**Data for the task**
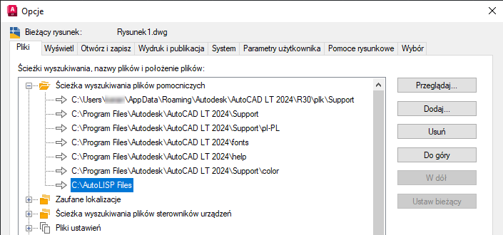 Wyświetlone foldery to te, w których program AutoCAD LT szuka plików AutoLISP wśród innych typów plików niestandardowych używanych do przechowywania wzorów kreskowania, rodzajów linii, aliasów poleceń oraz definiowania nowych elementów interfejsu użytkownika.
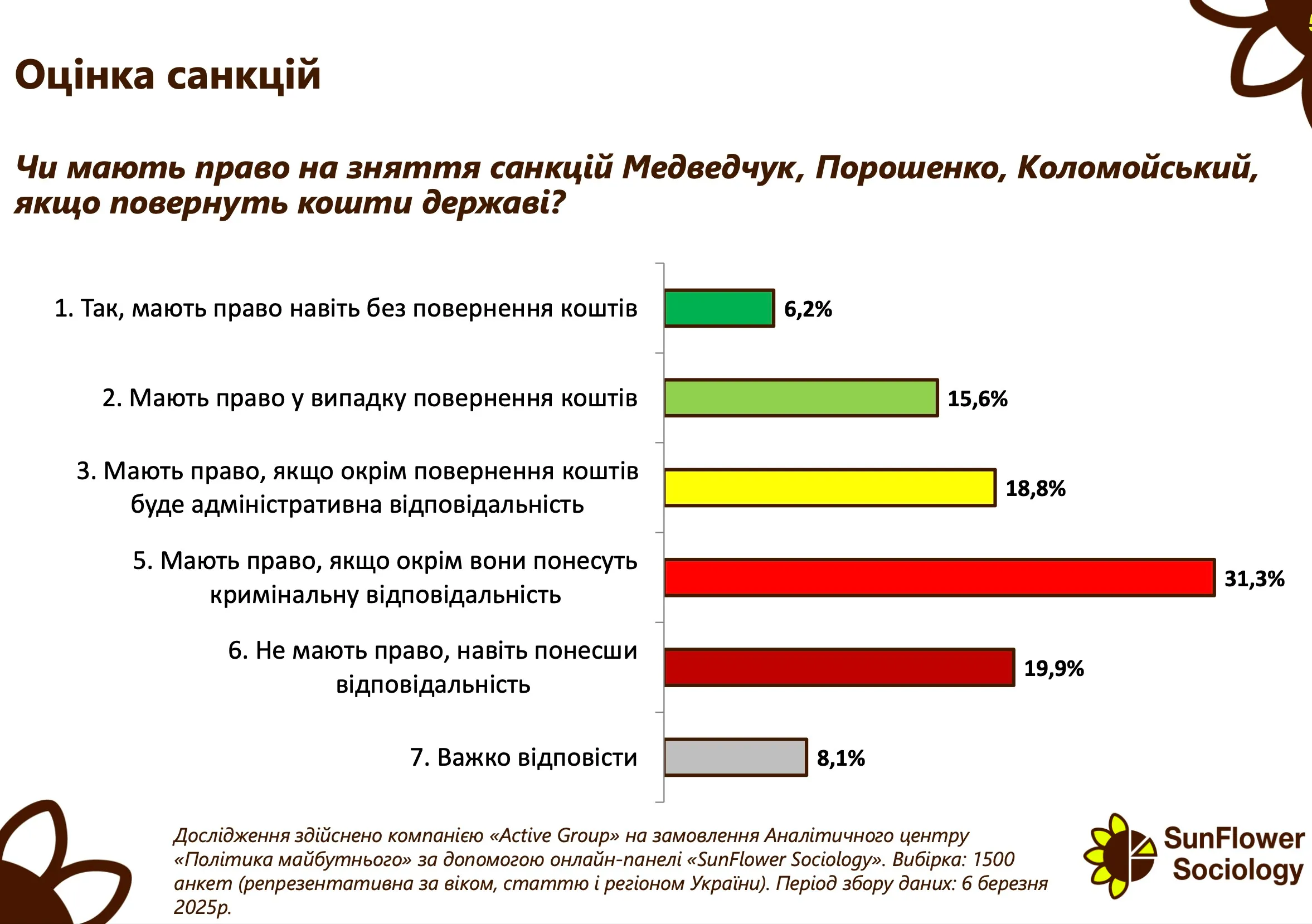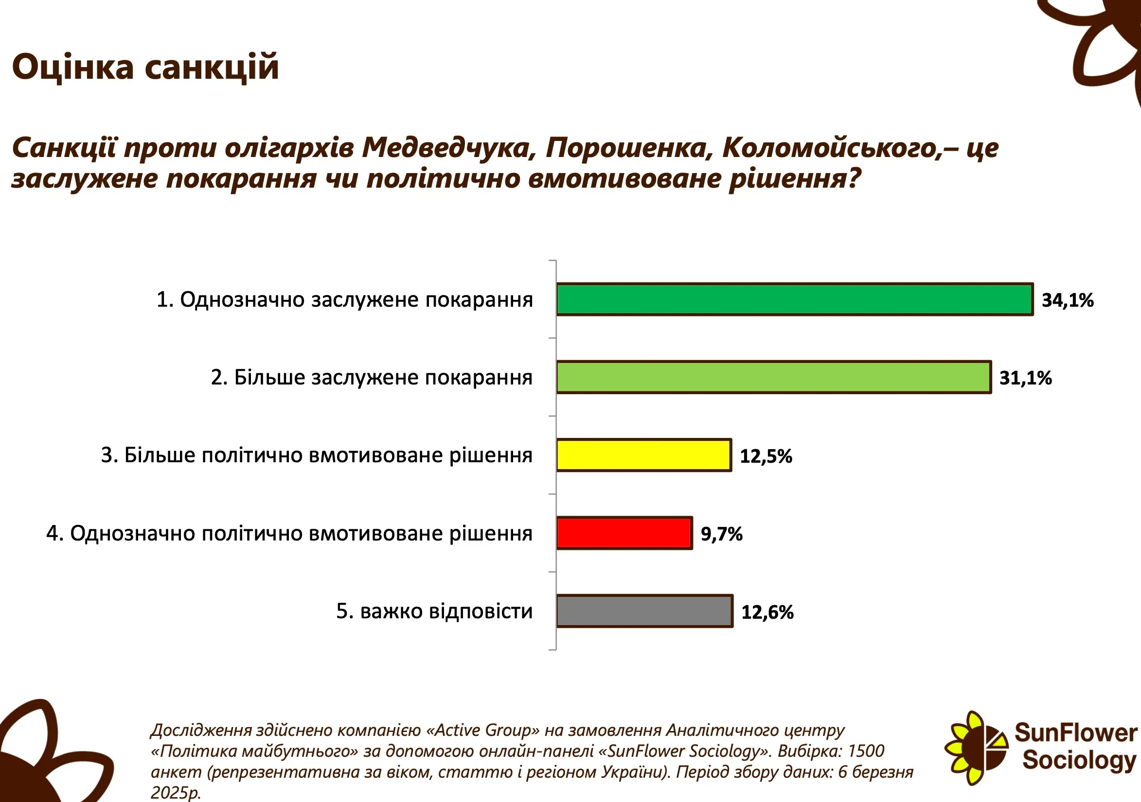 "Санкції проти олігархів Медведчука, Порошенка та Коломойського вважають заслуженим покаранням 65,2% українців, з них 34,1% – "однозначно заслуженим", а 31,1% – "більше заслуженим", – йдеться в результатах дослідження.
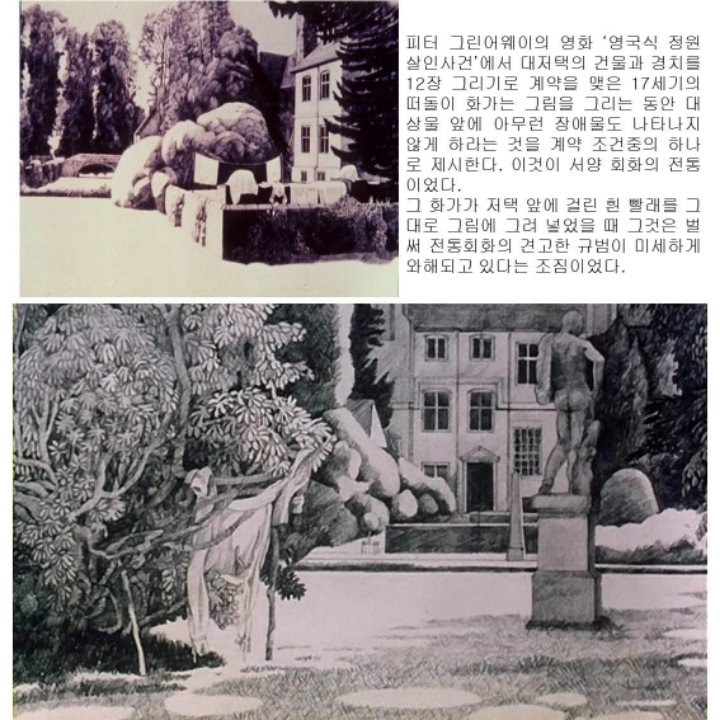 피터 그린어웨이의 영화 ‘영국식 정원 살인사건’에서 대저택의 건물과 경치를 12장 그리기로 계약을 맺은 17세기의 떠돌이 화가는 그림을 그리는 동안 대상물 앞에 아무런 장애물도 나타나지 않게 하라는 것을 계약 조건중의 하나로 제시한다. 이것이 서양 회화의 전통이었다. 그런데 화가가 저택 앞에 걸린 흰 빨래를 그대로 그림에 그려 넣었을 때, 그것은 벌써 전통회화의 견고한 규범이 미세하게 와해되고 있다는 조짐이었다.
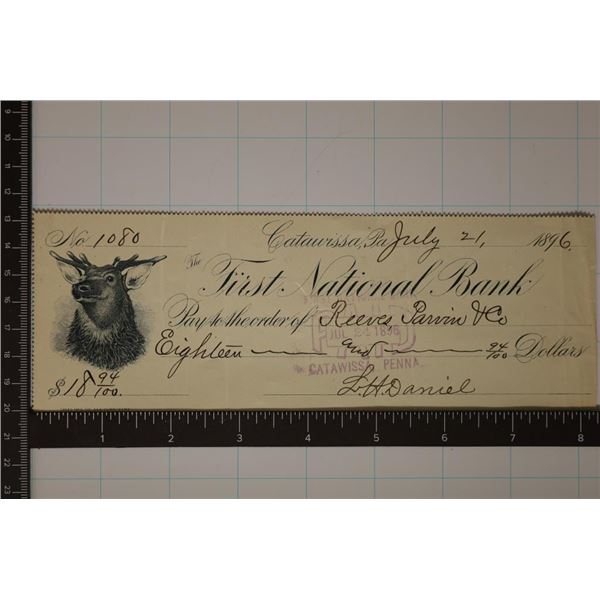 1896 FIRST NATIONAL BANK $18.94 CANCELLED CHECK
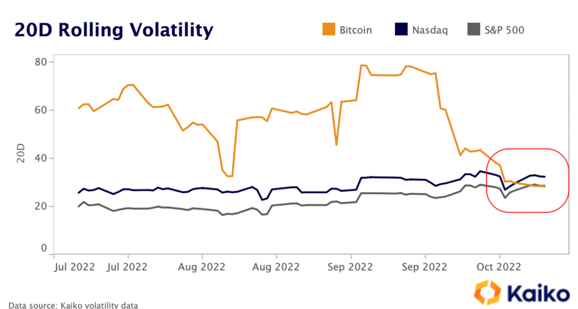 According to cryptocurrency data analysis firm Kaiko, the 20-day average volatility of Bitcoin (BTC) has recently dropped below that of Nasdaq and S&P 500, two of the leading U.S. stock indices.
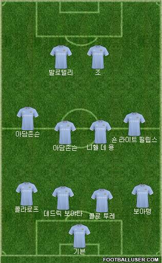 Joe Hart · Vincent Kompany · Aleks Kolarov · Derrick Boyata · Yaya Toure · Nigel De Jong · Adam Johnson · David Silva · Mario Ballotelli · James Milner · Edin Dzeko

**Instructions to follow**
What you return must be the entries above, exactly as they appear, without any pictures.

**Answer for this exercise**
 Wyświetlone foldery to te, w których program AutoCAD LT szuka plików AutoLISP wśród innych typów plików niestandardowych używanych do przechowywania wzorów kreskowania, rodzajów linii, aliasów poleceń oraz definiowania nowych elementów interfejsu użytkownika.
 "Санкції проти олігархів Медведчука, Порошенка та Коломойського вважають заслуженим покаранням 65,2% українців, з них 34,1% – "однозначно заслуженим", а 31,1% – "більше заслуженим", – йдеться в результатах дослідження.
 피터 그린어웨이의 영화 ‘영국식 정원 살인사건’에서 대저택의 건물과 경치를 12장 그리기로 계약을 맺은 17세기의 떠돌이 화가는 그림을 그리는 동안 대상물 앞에 아무런 장애물도 나타나지 않게 하라는 것을 계약 조건중의 하나로 제시한다. 이것이 서양 회화의 전통이었다. 그런데 화가가 저택 앞에 걸린 흰 빨래를 그대로 그림에 그려 넣었을 때, 그것은 벌써 전통회화의 견고한 규범이 미세하게 와해되고 있다는 조짐이었다.
 1896 FIRST NATIONAL BANK $18.94 CANCELLED CHECK
 According to cryptocurrency data analysis firm Kaiko, the 20-day average volatility of Bitcoin (BTC) has recently dropped below that of Nasdaq and S&P 500, two of the leading U.S. stock indices.
 Joe Hart · Vincent Kompany · Aleks Kolarov · Derrick Boyata · Yaya Toure · Nigel De Jong · Adam Johnson · David Silva · Mario Ballotelli · James Milner · Edin Dzeko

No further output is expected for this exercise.